Katherine L. Bott appeals from a divorce decree appointing appellee, John Paul Bott, II, sole managing conservator of their daughter. In six points of error, appellant contends the trial court abused its discretion in: (1) admitting an expert's report and testimony based on that report; (2) failing to appoint a guardian ad litem; (3) failing to order an updated social study; and, (4) improperly commenting on the weight of the evidence. We affirm the trial court's judgment.
Appellant filed suit for divorce, seeking possessory conservatorship of the child, division of the marital estate, and damages for intentional infliction of emotional distress and for assault. The court appointed a psychologist, Dr. Richard Austin, to evaluate both parents and the child. Dr. Austin submitted a report on January 13, 1994, strongly recommending joint custody with appellant as possessory conservator. On March 13, 1995, Dr. Austin contacted counsel for both parties requesting a follow-up evaluation of both parents and the child. By letter dated March 29, 1995, appellant's counsel expressed his understanding that the court would limit Dr. Austin's testimony to the January 1994 report. Therefore, appellant and the child refused to appear for further evaluation. In response, appellee's counsel advised appellant that appellee intended to update the psychological evaluations with or without appellant's cooperation or participation. Appellee's counsel added that Dr. Austin indicated he had changed his opinion regarding who should have custody of the child. Appellee's counsel asked for appellant to request additional time immediately if the change in Dr. Austin's opinion affected appellant's ability to be ready for trial. No further motions or letters appear in the transcript regarding Dr. Austin's follow-up report. The new report was sent by Dr. Austin to the judge and to the parties by letter dated May 5, 1995.
Trial began on May 25, 1995. When the supplemental report was offered into evidence, appellant's counsel objected on the ground that his discovery requests had not been timely supplemented with the new report. The trial court overruled the objection without any argument or evidence presented by appellee regarding good cause.
The jury found the parties should not be joint managing conservators and that appellee should be appointed sole managing conservator. The jury further found appellee had not committed the torts of intentional infliction of emotional distress or assault. The trial court entered a final decree in accordance with the jury verdict.
In points of error one and two, appellant challenges the admission of the supplemental report by Dr. Richard Austin and the admission of Dr. Austin's testimony based on the supplemental report. In point of error three, appellant contends the trial court erred in denying the motion for new trial based on the alleged error in admitting this evidence. Appellant contends the supplemental report was not provided within the time requirement of Rule 166b(6).

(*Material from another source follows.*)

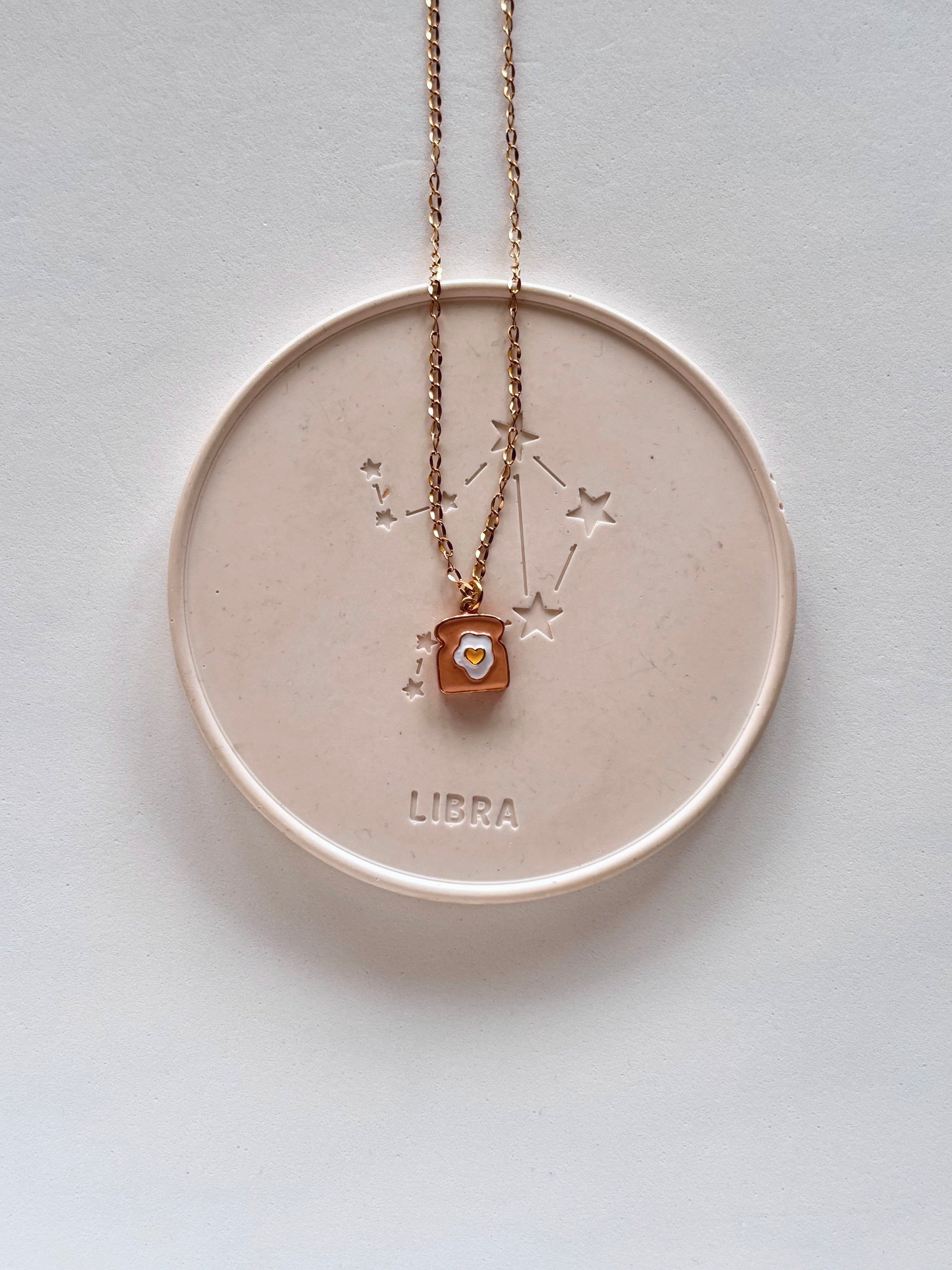 Charms smaltato e catenina in acciaio inossidabile color oro.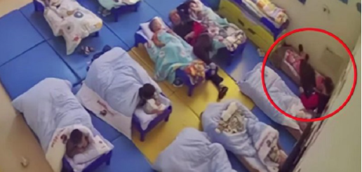 Cụ thể, trong giờ nghỉ trưa, như thường lệ. chị Trương mở video trên điện thoại để theo dõi con gái Tiểu Vương (3 tuổi 4 tháng) đang theo học tại trường mầm non. Đột nhiên chị phát hiện 1 cô giáo có hành vi thô lỗ với các bé trong phòng. Đặc biệt là với con gái chị, cô giáo đã dùng băng dính cố định em bé vào chăn bông khiến bé không cử động được trong giờ ngủ trưa. Thậm chí cô còn gác chân lên người con gái của chị.

A party is obligated to designate any expert it expects to call and to disclose the substance of his testimony as soon as practical, but not less than thirty days before trial. Tex.R.Civ.P. 166b(6)(b). Aluminum Co. of America v. Bullock, 870 S.W.2d 2, 3 (Tex.1994). Rule 166b imposes a duty to supplement on a party who has responded to a discovery request but later finds (1) the response was incorrect or incomplete when made, or (2) the response is no longer complete and the failure to amend the response would be in substance misleading. Tex.R.Civ.P. 166b(6). The duty to supplement includes supplementation of an expert's opinion which has changed due to the review of additional facts. Aluminum, 870 S.W.2d at 4.

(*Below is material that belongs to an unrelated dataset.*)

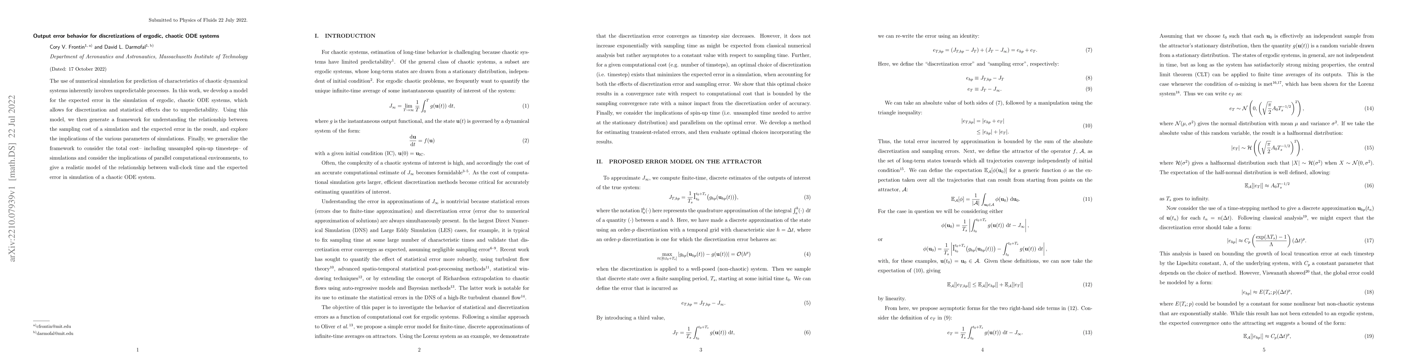 This paper develops a model to predict the expected error in numerical simulations of ergodic, chaotic ODE systems, considering discretization and statistical effects due to unpredictability. It also explores the relationship between simulation cost and error, and extends the framework to include parallel computational environments and unsampled spin-up timesteps.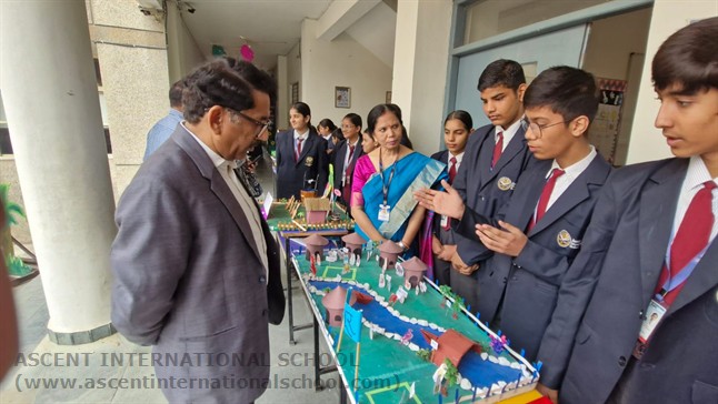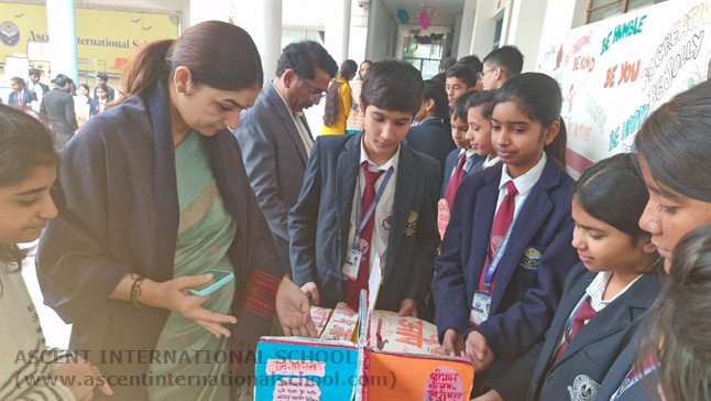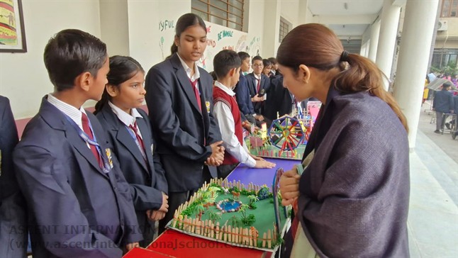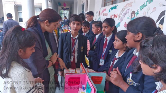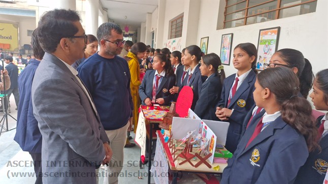 • Description : Ascent International School organized its annual exhibition, “Celebration of Learning,” on the 22nd, where students displayed their skills and calibre through subject-oriented models, presenting information with confidence and enthusiasm. The remarkable participation of parents in observing the children’s performance was highly appreciable. Teachers’ dedicated guidance and efforts were clearly reflected in the students’ impressive work. The exhibition was observed and appreciated by the Vice Chairman, Mr. S. K. Bansal; Principal, Ms. Naina Gupta; and Vice Principal, Ms. Preeti Chaudhary, who motivated both students and teachers with their encouraging words for the extraordinary efforts showcased.

Under Rule 166b, supplementation must occur not less than 30 days before trial begins. Tex.R.Civ.P. 166b(6). If the supplementation occurs within 30 days before trial, the nondisclosed evidence may not be presented at trial unless the court finds that good cause exists for permitting late supplementation. Tex.R.Civ.P. 215(5). The party offering the evidence has the burden of establishing good cause. Tex.R.Civ.P. 215(5). If the party offering the evidence does not establish good cause and the trial court admits the evidence over the opposing party's objection, the objecting party must show that the trial court's error “was reasonably calculated to cause and probably did cause rendition of an improper judgment.” Tex.R.App.P. 81(b); McKinney v. National Union Fire Ins. Co., 772 S.W.2d 72, 75 (Tex.1989). The appellate court will determine if the error probably caused rendition of an improper judgment in light of the record as a whole. McKinney, 772 S.W.2d at 75.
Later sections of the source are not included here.